Show that $f(x_0)-f(x)<\vert x_0-x\vert$ for all $x \ne x_0$ 
Let $f: \mathbb{R}\rightarrow\mathbb{R}$ continuous and bounded below.
Show that there exist $x_0 \in \mathbb{R}$ such that $\forall x\ne x_0$, $$f(x_0)-f(x)<\vert x_0-x\vert$$

Since $f$ is continuous and bounded below then $m=\inf_{x\in R}f(x)$ exist and then :
$\forall \varepsilon>0, \exists x \in\mathbb{R}$ such that $m\le x<m+\varepsilon$
Finally I tried to use the continuity of $f$ but unfortunately the main problem is that I don't know where I am going.
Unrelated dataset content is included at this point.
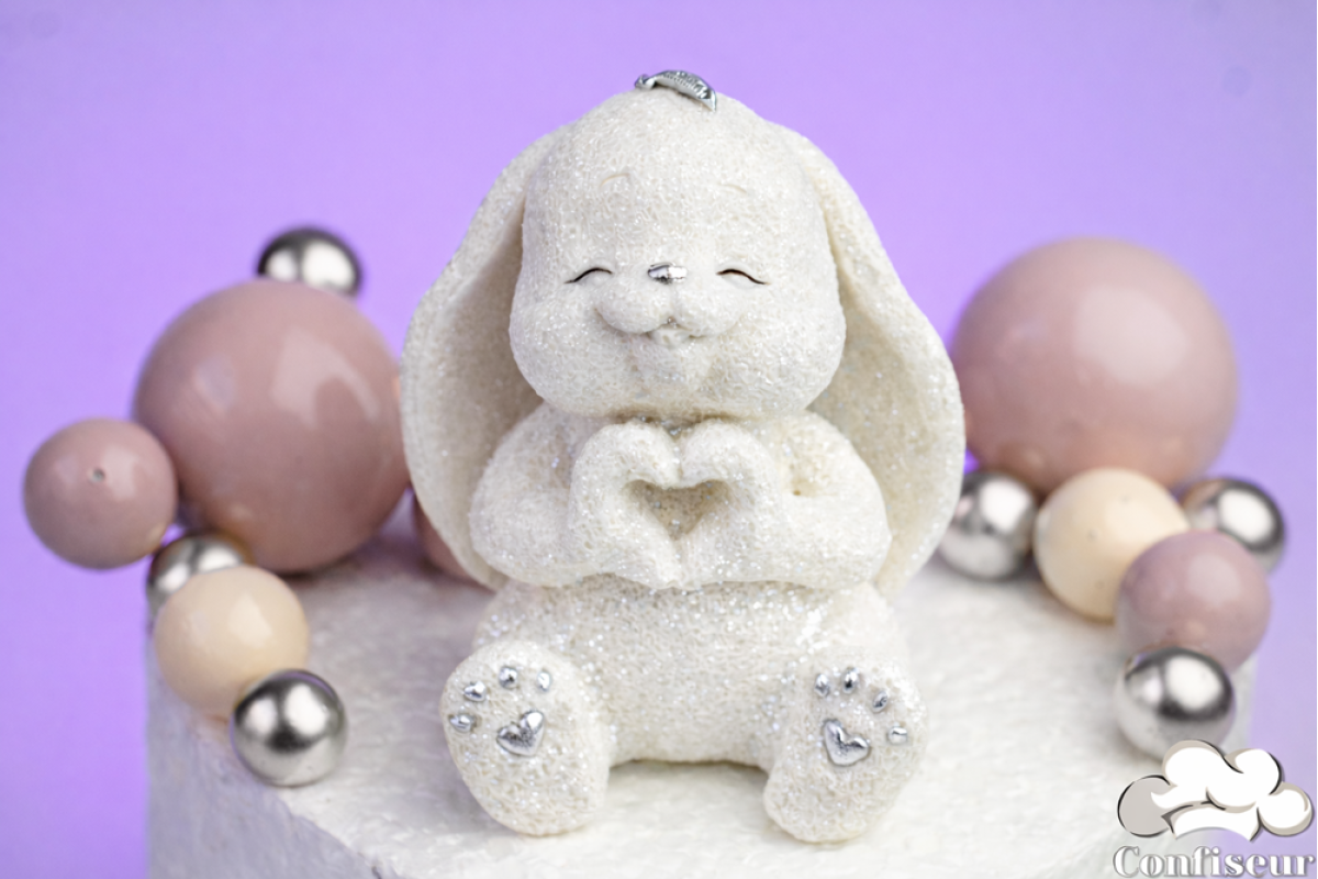 Шоколадна статуетка "Зайка Лайк" білий зі сріблом

 A: The $C$ be the area under (and including) the graph of $f(0)-|x|$ and let $G$ be the graph of $f$. Both these sets are closed, because these functions are continuous.
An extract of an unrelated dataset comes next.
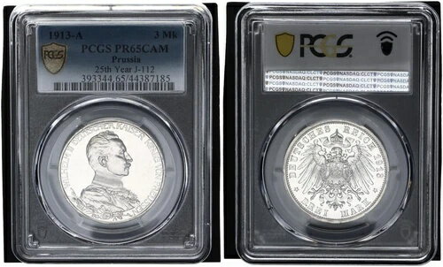 プロイセン 3 マーク 1913-A 皇帝制服 PCGS PR65CAM 106955

Therefore $C\cap G$ is closed, but it's also bounded, because $f$ was bounded from below. So it's compact and there's a point in $C\cap G$ with the lowest possible $y$-coordinate. Let it be $(x_0,f(x_0))$.
It's easy to see that the area under (and including) $f(x_0)-|x-x_0|$ is entirely in $C$ (draw it), so $f(x)>f(x_0)-|x-x_0|$ for all points $(x,f(x))$ outside of $C$. For the points inside, there's only one match, and that's $x=x_0$ by the choice of $x_0$.
A: Choose $c>1$, some $x_0$ and let $f_c(x) = f(x)+c|x-x_0|$.
Since $f$ is bounded below, we have $\lim_{|x| \to \infty} f_c(x) = \infty$, hence
$f_c$ has a minimum at, say, $x'$ (this implicitly relies on compactness).
Then $f_c(x') \le f_c(x)$ for all $x$, or equivalently, $f(x')-f(x) \le c|x-x_0|-c|x'-x_0|$ for all $x$. The triangle inequality gives $|x-x_0| \le |x-x'| + |x'-x_0|$, hence we obtain $f(x')-f(x) \le c |x-x'|$ for all $x$.
Since $c>1$, we have $f(x')-f(x) < |x-x'|$ for all $x \neq x'$.